Он ударил, но она отбила ветку рукой, и повисла на нем, вцепившись когтями в плечи. С трудом удерживаясь на ногах, он замолотил палкой по ее спине и увидел прямо перед лицом оскаленную  пасть.  Мелькнула мысль – вот удивятся в деревне, если он не проснется… Но тварь вдруг отпустила его и мешком упала на землю. Забилась в судорогах… и с тихим шелестом осыпалась к его ногам горсткой трухи.

Лойо отступил, пошатываясь. Оглянулся на огонь вдали – ему больше не хотелось общаться с предками. Сделав всего пару шагов, он снова оказался у костра.

- Рады приветствовать, Лойо … рады приветствовать… - музыканты повторялись. - Прости, но создания ночи не выживают в стране мертвых, - один из них похлопал его по плечу и улыбнулся.  - Ты храбро бился, но глупо. Ведь он подсказал тебе – бей в сердце. А теперь иди домой, Лойо, сын Тенори, иди домой.

Резкий толчок в спину, пламя в лицо. Открыв глаза, Лойо понял, что лежит на циновке в доме старосты.

За окнами плыл синий вечер, и в комнате было почти темно. Юноша встал, постоял немного, молча глядя в проем двери. Он вернулся, первое испытание пройдено. В другой комнате его, наверняка, ждал староста с охрой и углем.

Страна мертвых уже казалась давним полузабытым сном. Музыканты с пустыми глазами, костер, тварь с лицом охотника – было ли это на самом деле или просто приснилось ему?

Нет, нельзя забывать. Видения, которые посылают предки будущему воину, имеют глубокий смысл.  «Сын Тенори», - сказали они напоследок.  Он давно догадывался, думал об этом, и все боялся спросить мать напрямую. Может, зная, о чем он думает,  музыканты просто пошутили над ним? Но ведь и эта тварь с лицом охотника называла его сыном,  ему дважды дали понять! Значит, все-таки правда… а все остальное? То, что она говорила – есть ли в этих отрывистых фразах какой-то смысл?

- Очнулся? – старейшина стоял в дверях, на его лице застыло выражение скорби. – Что ж… значит, заслуживаешь жизнь. А я, значит, нет.

Лойо потряс головой – похоже, сон еще продолжался. Безумные речи, загадки-испытания.

Ворран тяжело вздохнул.

- С тех самых пор, как твари окружили деревню, я не переставал думать, кто из нас с тобой больше виноват: ты, открывший ворота вопреки моему приказу, или я, не оставивший больных путников ночевать?

- Я?

Такая мысль, действительно, приходила юноше в голову, но ведь все в деревне были уверены, что твари – наказание за проступок старейшины.

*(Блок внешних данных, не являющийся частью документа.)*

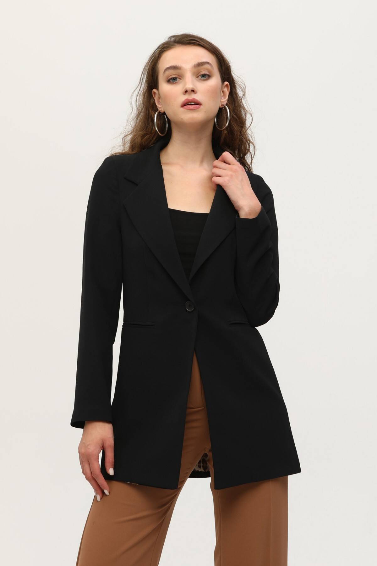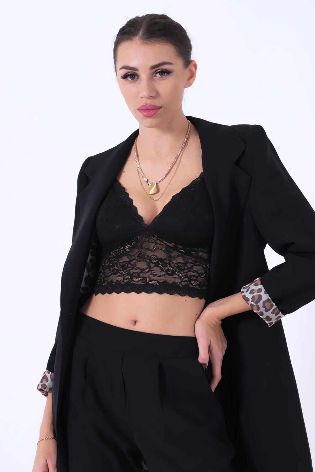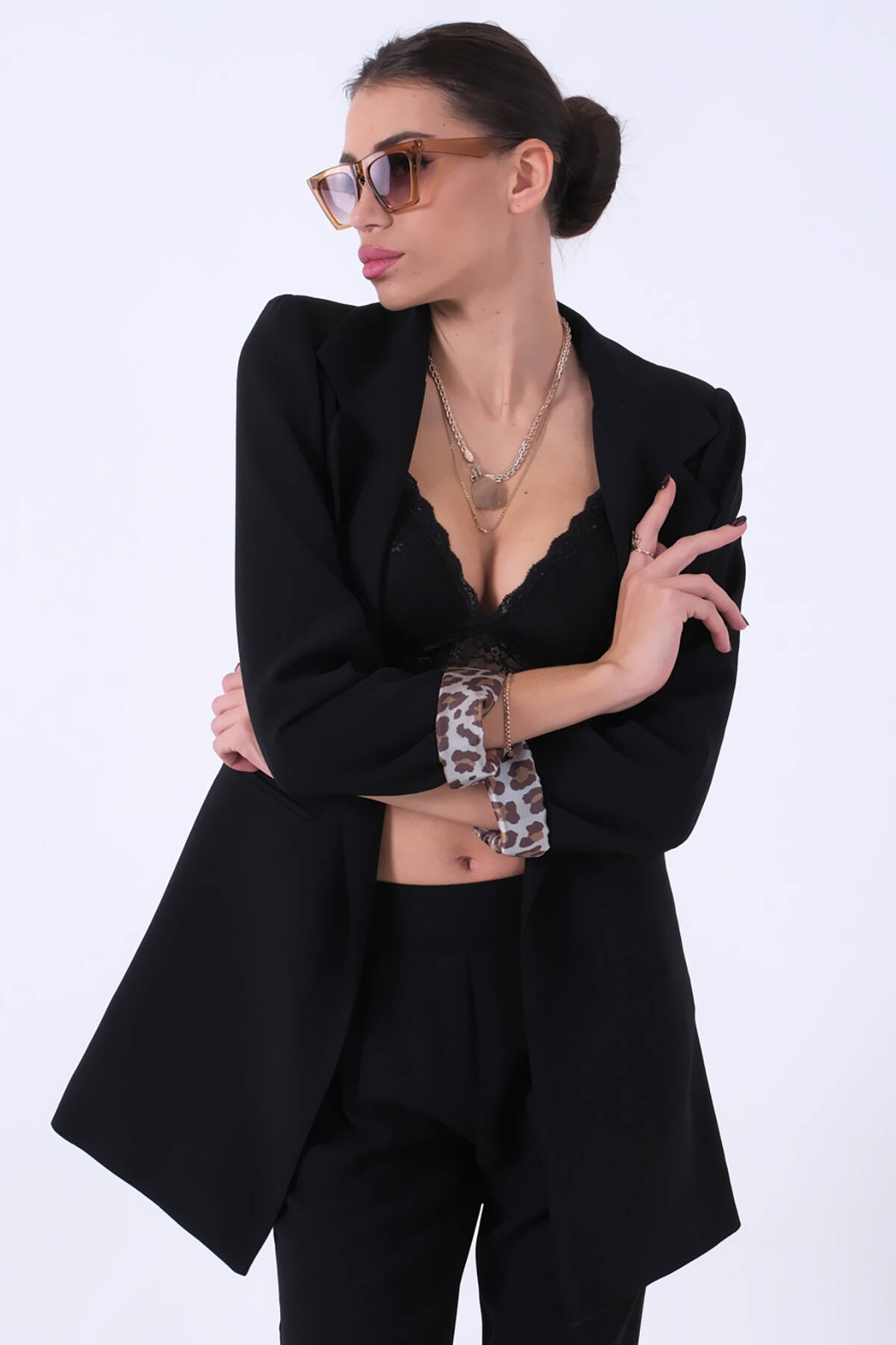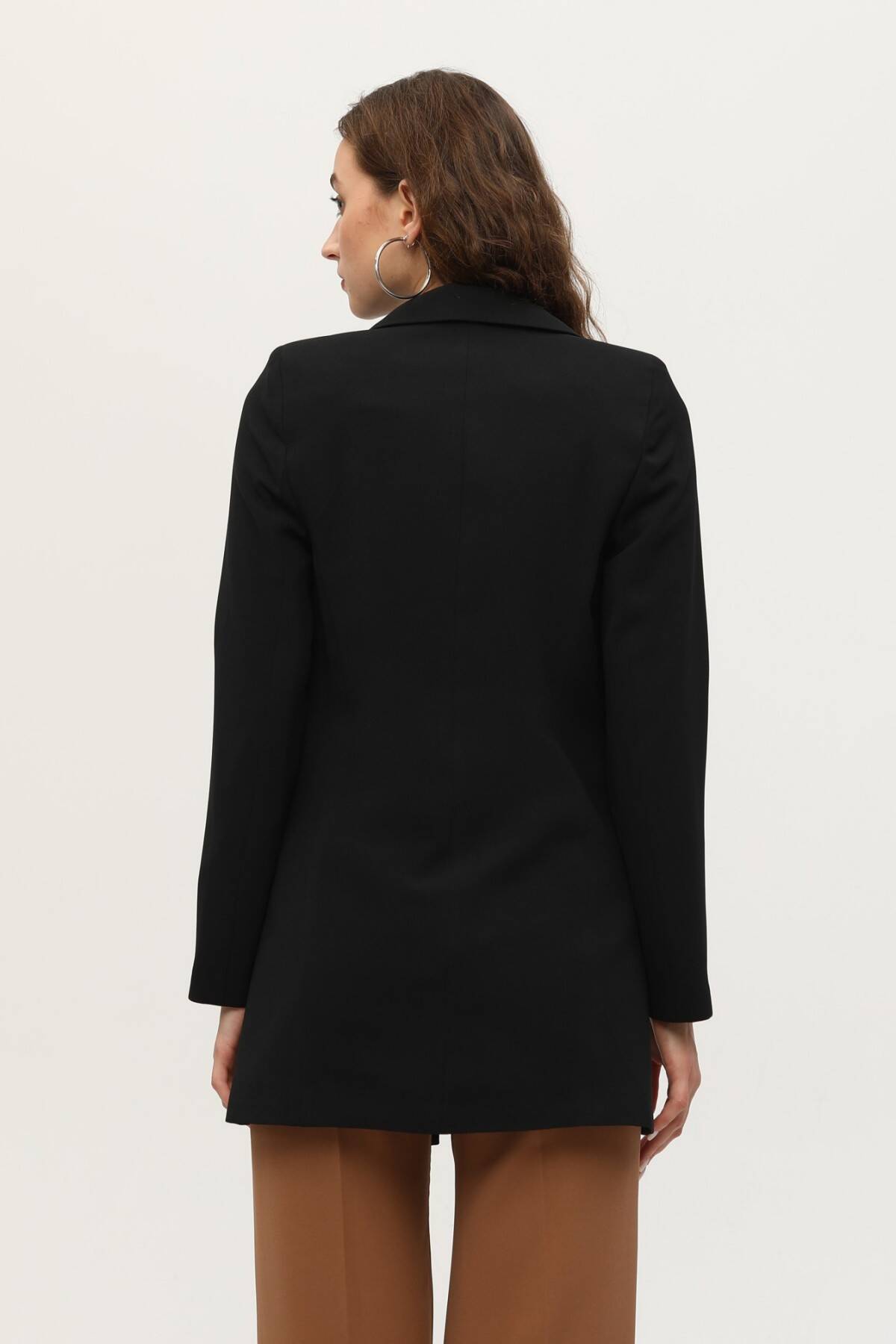 Siyah Leopar Astar Detaylı Krep Blazer Ceket 0105120.01

- Ты. Я всегда думал, что ты. Ведь это ты пустил его и позволил произнести проклятие. А я был прав, я – старейшина, и моя обязанность – защищать жителей деревни, а не путникам помогать.  Но все остальные думали иначе. «Кара Богов, - говорили они, -  кара Богов». И понемногу я сам стал сомневаться. Выход был один – дождаться твоего обряда. Если бы ты был виноват, предки не выпустили бы тебя из страны мертвых. Так я думал. И весь этот день, пока ты спал в моем доме, я молил их дать мне знак, умолял  оставить тебя там. Но вот ты очнулся. Скажи, говорил ли ты с предками о проклятии иноземца?

Лойо покачал головой.

- Ясно, - старейшина прикрыл глаза. – Что же, получается, они считают виновным не тебя, а меня?

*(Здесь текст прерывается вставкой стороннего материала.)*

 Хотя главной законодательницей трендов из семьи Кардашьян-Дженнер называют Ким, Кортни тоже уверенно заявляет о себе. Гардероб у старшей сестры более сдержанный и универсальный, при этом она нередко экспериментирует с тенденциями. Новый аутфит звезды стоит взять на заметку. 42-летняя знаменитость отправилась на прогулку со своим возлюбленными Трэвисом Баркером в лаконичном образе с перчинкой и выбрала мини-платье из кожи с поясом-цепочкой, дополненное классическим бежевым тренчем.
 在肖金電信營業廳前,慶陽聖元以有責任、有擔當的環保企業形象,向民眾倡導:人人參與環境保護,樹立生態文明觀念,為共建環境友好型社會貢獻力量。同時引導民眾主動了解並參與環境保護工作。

- Не знаю, - Лойо пожал плечами,  - не знаю, что думают предки, но я не считаю тебя виновным. Ты ведь, и правда…

Старейшина  поднял руку вверх, приказывая ему замолчать.

- Проходи, - он махнул рукой в сторону двери, - я должен раскрасить твое лицо охрой.

-Охо ра!

Снова эти слова, хор женских голосов. Только теперь для него, в его честь.

Он шагнул с крыльца, оглядывая знакомые лица.

Вот его мать, счастливая, с мокрыми от слез глазами. Вот худой, бледный до синевы Дромар, губы его сжаты в тонкую линию,  на лице тревога. Его сестра – выглядывает из-за плеча брата, улыбается приветливо… красивая, кстати, почему он не замечал этого раньше?

Мать засеменила к нему, протягивая алую ленту. Вообще-то ленту юноше должен отдавать отец, но у Лойо нет отца. Вот если бы Тенори был жив, он мог бы сделать это, как друг семьи…

- Ты видел предков?  - мать заглянула ему в глаза.

- Отца, - он встретил ее взгляд и кивнул в ответ на невысказанный вопрос, – я знаю.

Взял ленту из безвольно упавшей руки, двинулся к Роще.

- Ло! – Дромар махнул рукой, привлекая его внимание, потом округлил губы, произнес что-то, но слова потонули в  общем гвалте.

Лойо пожал плечами – потом, все потом.

Калитку, ведущую в Рощу никогда не закрывали – звери в ближайших лесах перевелись, а твари все равно не смогли бы войти.

Посмотрев на бывшее дерево Ролло, Лойо вдруг замер. «Белое дерево – это шептун», - сказала тварь с лицом Тенори. Вот же он, шептун, так называли эти деревья за постоянный тихий шелест, который издавали их кроны даже при  самом слабом ветре. А ведь и правда, древесина у шептуна – бледно-зеленая, светлая, а кора – серебристая, и в темное время суток кажется белой. К стволу дерева был прислонен аккуратно выструганный кол,  Лойо поднял голову и поискал глазами Дромара. Тот кивнул и снова что-то произнес, но из-за криков женщин  Лойо опять не смог разобрать ни слова. Из той же древесины? Наверняка… вот интересно, что сказали предки Дромару перед его пробуждением?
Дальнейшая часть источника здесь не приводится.